If you drop updates, you can quickly catch up assuming there is lots of updates for the same key, or there is a simple consolidation strategy.
There are times when you need see every event/message/alteration no matter how old they are. This is useful for auditing purposes.
You might need a hybrid approach where every event is being recorded but some consumers can skip to the latest update for a key.
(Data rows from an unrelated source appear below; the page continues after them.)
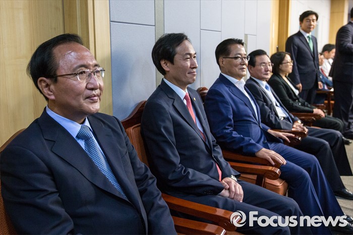 | △ 한자리에 모인 야3당 원내대표 |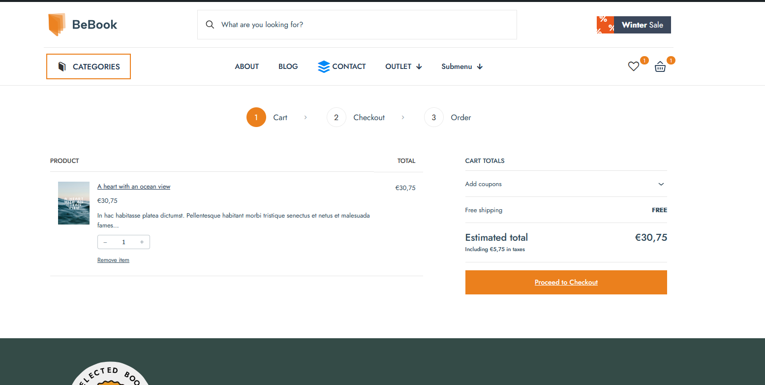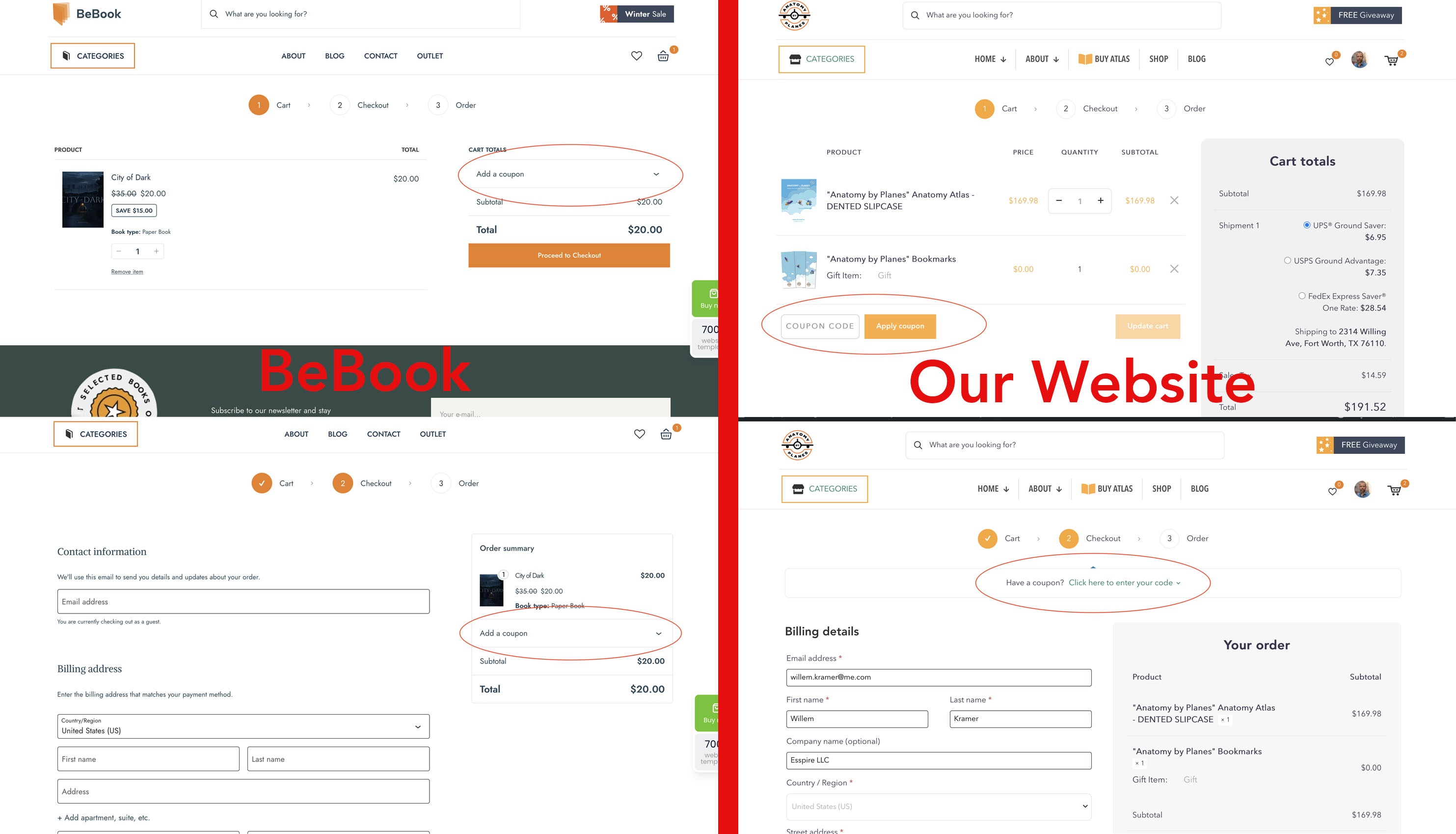 The "add a coupon" button and field on our website look different and are located in a different place than on the BeBook demo website.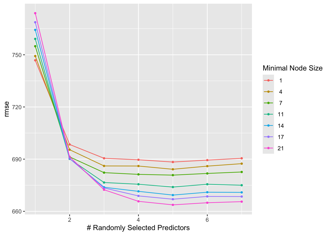 From the graphs above, you can see that RMSE still decreases as mtry increases and that RMSE increases as min_n increases.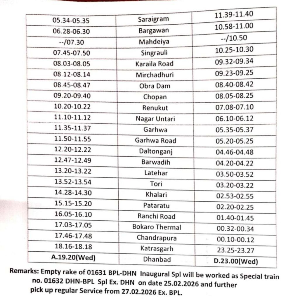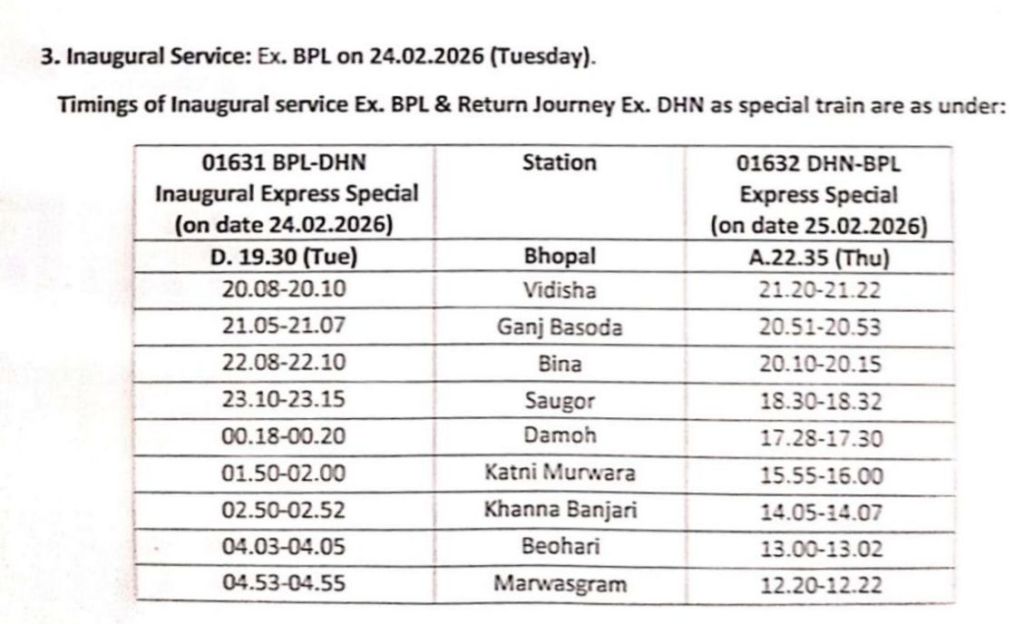 01631 เคญเฅ‹เคชเคพเคฒ เคงเคจเคฌเคพเคฆ เคถเฅเคญเคพเคฐเค‚เคญ เคตเคฟเคถเฅ‡เคท เคฆเคฟเคจเคพเค‚เค• 24 เคซเคฐเคตเคฐเฅ€ เค•เฅ‹ เคญเฅ‹เคชเคพเคฒ เคธเฅ‡ เคถเคพเคฎ 19:30 เค•เฅ‹ เคฐเคตเคพเคจเคพ เคนเฅ‹เค—เฅ€ เค”เคฐ เคตเคพเคชเคธเฅ€ เคฎเฅ‡เค‚ 01632 เคงเคจเคฌเคพเคฆ เคญเฅ‹เคชเคพเคฒ เคถเฅเคญเคพเคฐเค‚เคญ เคตเคฟเคถเฅ‡เคท เคฆเคฟเคจเคพเค‚เค• 25 เคซเคฐเคตเคฐเฅ€ เค•เฅ‹ เคฐเคพเคค 23:00 เคฌเคœเฅ‡ เคฐเคตเคพเคจเคพ เคนเฅ‹เค—เฅ€เฅค

In a transactional data with a high per transaction overhead, using batching can really help. Batching is also useful for IO operations again to reduce overhead.
Most of our solutions try to have a very low overhead per transaction to minimise latency so the addition of batch can introduce more overhead than it saves.
More Robust Security Models
You may need to be able to control access to individual sets, but you might also need to add Access Control Lists to every individual key.
You might need access to entries to be based on the contents of those entries. For example employees in New York might be able to update entries with a location=New York. Employees in a region, organisation or team can manage their own data.
Time Stamping Changes
Should updates/event be timestamped? This can be useful, but a non-trivial overhead if not used.
Auditing Information and Simplified Security
When a change is made you may need to record additional informations such as; who made the change, when, or from which client. This is useful for auditing purposes and simplifying your security model.
Using auditing can encourage users to be more considered about the changes they make. They can still perform actions which you might want to perform rarely, but the users know you can track exactly who did what and when.
If you also have the ability to reverse/correct changes made, this can be another way to deal with mistakes.
What About Remote Access, Object Serialization, and Monitoring?
Chronicle Journal is built on Chronicle Engine and offers all the same functionality that Engine does. Journal provides a customised data store for Engine to distribute.
Is Chronicle Journal Open Source?
We have two open source data storage solutions, Chronicle Queue and Chronicle Map which work for specific use cases very well and you may wish to try these first to see if they do what you need.
Chronicle Journal is designed to be more customizable which in turn needs more consulting to realise the solution. As such it is on GitHub but only accessible to clients with a support agreement.